- Google Cloud API service before blaming a generalized interruption
- Most of the regions were in line in 40 minutes, but some took even more
- The company has promised to protect against future interruptions and improve communication.
After the recent interruption of Google Cloud, which led to sites such as Spotify, Cloudflare and Discord offline, the company launched its detailed report sharing exactly why it failed customers.
The company says that the root cause was a code problem in service control, part of the company’s management and management management control system.
Specifically, the update of non -valid automated installments and the lack of adequate errors management triggered a global shock loop, with 503 errors seen not only in Google Cloud Services, but also that they use their API.
Google cloud interruption caused by the API problem
The interruption affected Google Cloud infrastructure, as well as other popular applications of Google’s work space such as Drive, Docs, Gmail and Calendar. However, third -party sites that access the Google Cloud API, including the popular Spotify music transmission platform, which has 678 users, as well as some Cloudflare services, they were also affected.
“On May 29, 2025, a new characteristic service control was added to verifications for additional quotas policies,” the company wrote in its incident report. “The problem with this change was that I did not have the appropriate errors management or was protected by the flag.”

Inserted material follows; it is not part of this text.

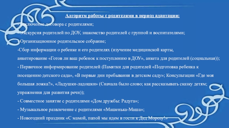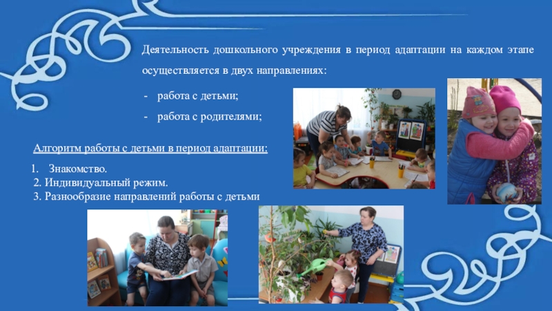 Деятельность дошкольного учреждения в период адаптации на каждом этапе осуществляется в двух направлениях:

Google Cloud boasted that his site reliability engineering team had begun to triand the incident in two minutes, having identified the root cause in 10 minutes. “The red button [to disable the serving path] I was ready to implement ~ 25 minutes from the beginning of the incident, “said Google, with the complete deployment in 40 minutes.
Although the smallest regions recovered relatively fast, the largest regions such as US-Central-1 took longer to be again online, about two hours and 40 minutes in the case of this particular region.
In his mini incident report problems on the day of interruption, Google Cloud promised to “do better.” Its most detailed report promises the usual responses in the future, such as improving static analysis and test practices, auditing and modulating the service control of the service to contain future incidents, but the company has also committed to “improve [its] External communications “to better inform customers, ensuring that their communications infrastructure remains online even during such interruptions in the future.